In 1807, she was working in Portsmouth as a dress-maker for a Miss Warren. In 1808, she moved to Gosport where she worked as a housemaid and it was at this time the Portsmouth Company of actors made their annual visit to her home city. An actor named Mardyn "of low habits" was among its members; he played the "second-rate lover's parts" and also sang. Among his popular numbers was 'Darby Kelly, O!', which was "sung by Mr. Mardyn at all the theatres and public places of amusement in London, with general applause." He met the attractive 16 year-old Charlotte Mardyn; she being ambitious for a better life and wishing to escape the drudgery of the kitchen the two quickly married and she joined the Portsmouth Company. In 1808, at the theatre in Portsmouth, she made her first appearance, opposite her husband in the farce The Jew and the Doctor. Being illiterate, her parts had to be taught to her. Lacking in experience and confidence, she experienced stage fright at first, and she was not a success. She played walk-on roles and appeared in crowd scenes and did a little dancing. At this time, a critic wrote "Her beauty of face, and symmetry of form were well adapted for it; but alas! when she had to open her mouth, all the illusion was destroyed." While her husband turned more to drink Charlotte Mardyn set about improving her education and her grammar and pronunciation and she separated from her husband. By 1810 she had at least one child.
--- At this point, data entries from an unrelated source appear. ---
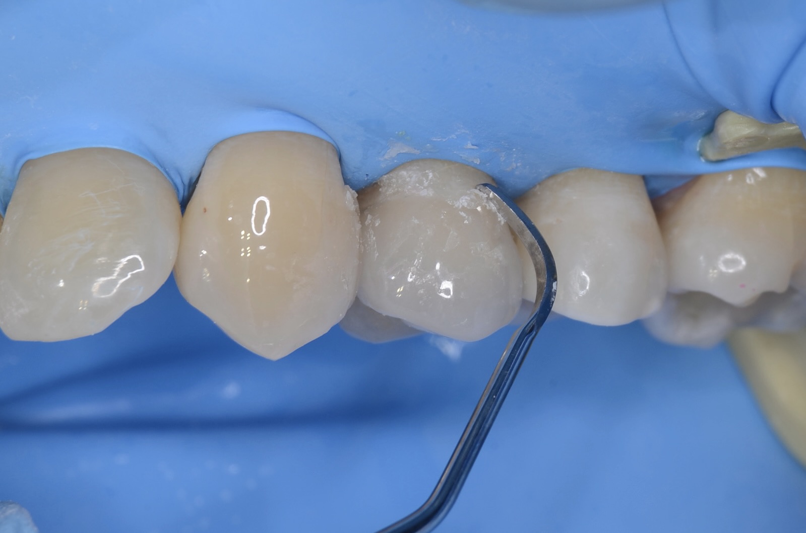 レジンセメントは歯の色をしているので、よく見ないとわかりません。キュレットという歯石をとる刃物を使いはみ出した余剰セメントを剥がしていきます。 -
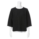 表面感と適度なハリが魅力の圧縮ジャージー素材を使い、シルエットと色合いでトレンド感を表現した、ドルマンスリーブの七分袖プルオーバーです。
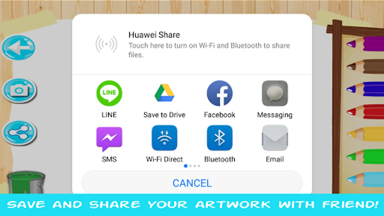 π- You can share your painting games via Social Media ,Email , Camera Roll , with family and friends.
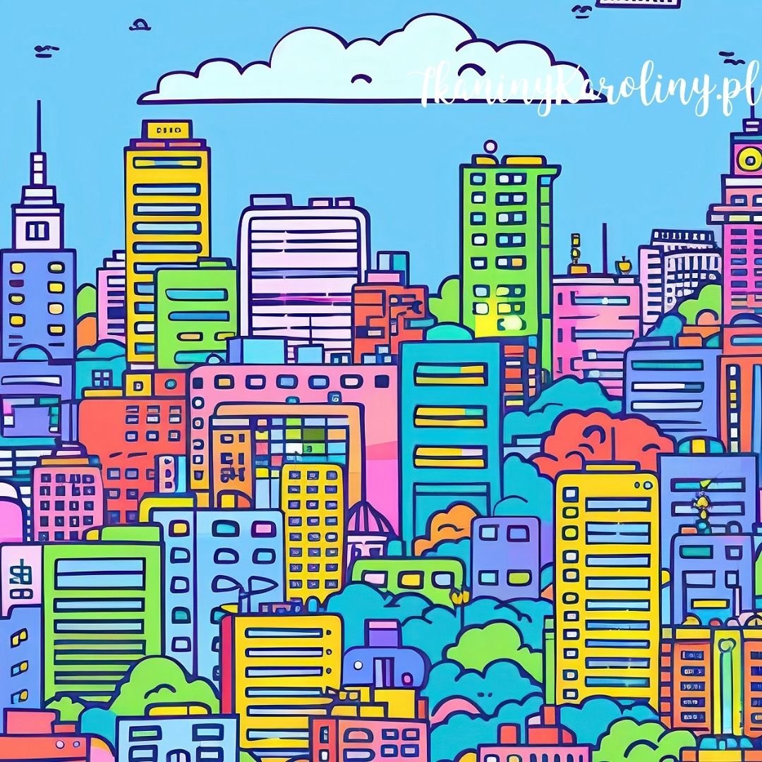 Pozytywnie zakręcony, wielokolorowy wzór miasta z wieżowcami i niebieskim niebem w tle.
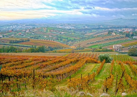 The top grapes of this region including the white grape, trebbiano d'abruzzo, also know as ugni blanc in France. It's a high acid wine, without much flavor extracted and is usually light and crisp with apple flavors. The rose' produced in the region is known as cerasuolo d'abruzzo made of the montepulciano grape that is a hearty rose' with notes of dried fruits and strawberries. Above all dominating the region's well known wines are montepulciano d'abruzzo.
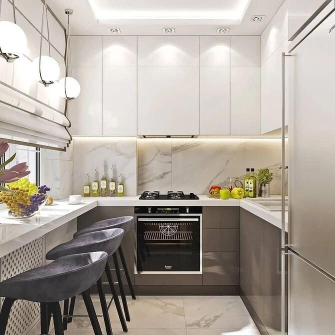 Если вы посмотрите на картинку, то заметите главную фишку, которая экономит пространство — отказ от классического обеденного стола в центре комнаты. Вместо него подоконник продлевается и превращается в стильную барную стойку. Это решение освобождает центр кухни для комфортного перемещения и готовки, а также дарит вам идеальное место для утреннего кофе с видом из окна.
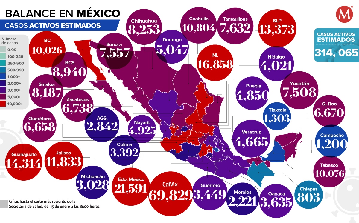 En Ciudad de México se estiman 69 mil 829 casos activos, Estado de México tiene 21 mil 591 contagios, Nuevo León contabiliza 16 mil 858, Guanajuato reporta 14 mil 314, y en San Luis Potosí hay 13 mil 373.

She gained employment at the Theatre Royal, Bath where the manager William Wyatt Dimond became her tutor and mentor. Having improved her dramatic skills, she moved to the Crow Street Theatre in Dublin where she became known as the "Venus of Crow Street". In 1811, she was a figure-dancer at the Tottenham Street Theatre where she became a success and where she played the Housemaid in Love in a Village.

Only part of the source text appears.